Neuromatch Academy 2020 is a three-week online summer school in computational neuroscience that took place in July of 2020. We created interactive notebooks covering all aspects of computational neuroscience – from signals and models of spikes to machine learning and behaviour. We hired close to 200 TAs to teach this material to 1,700 students from all over the world in an inverted classroom setting. Over 87% of students that started the class finished it, a number unheard of in the MOOC space.

By now, we have a preprint out, and NMA has been covered in Nature and the Lancet. So how did we do it?
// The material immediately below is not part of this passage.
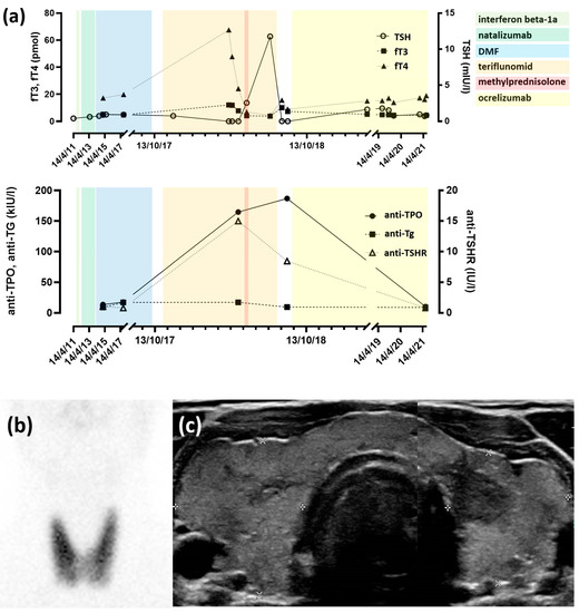 (a) Temporal evolution of thyroid function tests and thyroid autoantibody titers in the patient with GD. Treatments were as follows: beta-1a interferon, 44 mcg 3/week (22.06.2011–24.10.2011. We recommend writing in this format, 22 June 2011.); natalizumab, 300 mg 1/month (04.11.2011–06.02.2014); DMF, 240 mg 2/day (11.03.2014–12.10.2017); teriflunomid, 14 mg/day (28.10.2017–20.07.2018); methylprednisone, 1 g/day (02.05.2018–06.05.2018); and ocrelizumab, 300 mg/6 months (since 28.08.2018); (b) technetium-99m thyroid scintigraphy showing diffusely increased uptake by the thyroid gland (as compared to very low uptake in the salivary glands); and (c) composite ultrasound image of the thyroid gland showing diffuse heterogeneity with alternative isoechoic and hypoechoic areas.

Building something that goes from 0 to several hundred volunteers working tirelessly is a huge endeavor, and I’m sure a lot of the readers of this blog coming from an academic background have trouble even imagining how you can get something like that off the ground. Richard Gao wrote a great post on how it felt to be flying in this anarchist hacker spaceship as it was being built. I wanted to share some thoughts with you that I hope will be helpful if you ever want to create an experience at this scale.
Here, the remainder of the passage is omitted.